Data segment:

========

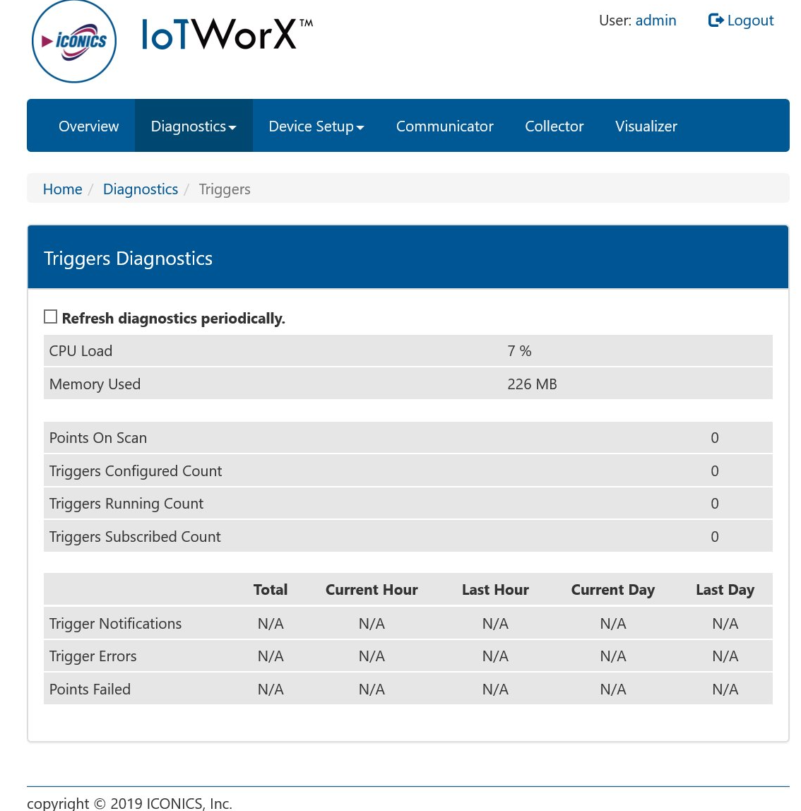 The Triggers page of the IoTWorX Diagnostics, shown below, provides multiple statistics on connected application triggers.
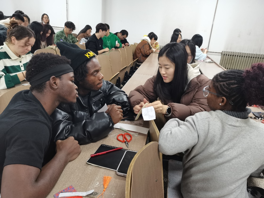 两次授课均采用了“理论讲授+动手实践”相结合的模式,吸引博士研究生参与课堂,让非遗从静态展示走向动态传承。授课过程中,中外学生积极参与,互相交流,氛围热烈。同学们纷纷表示,这样灵动的课堂让他们受益匪浅。“专家进课堂”的模式,超越了单纯的知识传授,实现了文化熏陶、价值塑造与学术启迪的深度融合,使思政课更具感染力与说服力;中外学生同课堂共研学的形式,不仅促进了中外青年友好交流,也为文明互鉴搭建了新的平台。
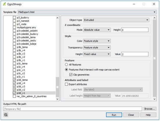 The source data for further processing originated in the OSM database covering the whole world, although the quality could differ across regions. Data were imported using the ArcGIS Editor for OSM plugin in ArcGIS for Desktop software [] and transformed into a UTM Zone 33N projection as the sample areas of interest were located in Czechia (the city of Ostrava and the town of Konice). In the following steps, all point and line features were converted into polygons which could be later extruded into 3D. Therefore, the layers were processed using geoprocessing tools into a topologically clean representation covering the entire area of interest. All of the layers were also cropped for the area of interest defined by a separate polygon layer.
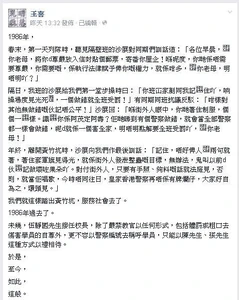 - ↑ 王喜的facebook:1986年,春末,第一天列隊時...,2014年10月15日

========

Assignment:
Print the material above exactly as it appears, but not its pictures.

Written solution:
 The Triggers page of the IoTWorX Diagnostics, shown below, provides multiple statistics on connected application triggers.
 两次授课均采用了“理论讲授+动手实践”相结合的模式,吸引博士研究生参与课堂,让非遗从静态展示走向动态传承。授课过程中,中外学生积极参与,互相交流,氛围热烈。同学们纷纷表示,这样灵动的课堂让他们受益匪浅。“专家进课堂”的模式,超越了单纯的知识传授,实现了文化熏陶、价值塑造与学术启迪的深度融合,使思政课更具感染力与说服力;中外学生同课堂共研学的形式,不仅促进了中外青年友好交流,也为文明互鉴搭建了新的平台。
 The source data for further processing originated in the OSM database covering the whole world, although the quality could differ across regions. Data were imported using the ArcGIS Editor for OSM plugin in ArcGIS for Desktop software [] and transformed into a UTM Zone 33N projection as the sample areas of interest were located in Czechia (the city of Ostrava and the town of Konice). In the following steps, all point and line features were converted into polygons which could be later extruded into 3D. Therefore, the layers were processed using geoprocessing tools into a topologically clean representation covering the entire area of interest. All of the layers were also cropped for the area of interest defined by a separate polygon layer.
 - ↑ 王喜的facebook:1986年,春末,第一天列隊時...,2014年10月15日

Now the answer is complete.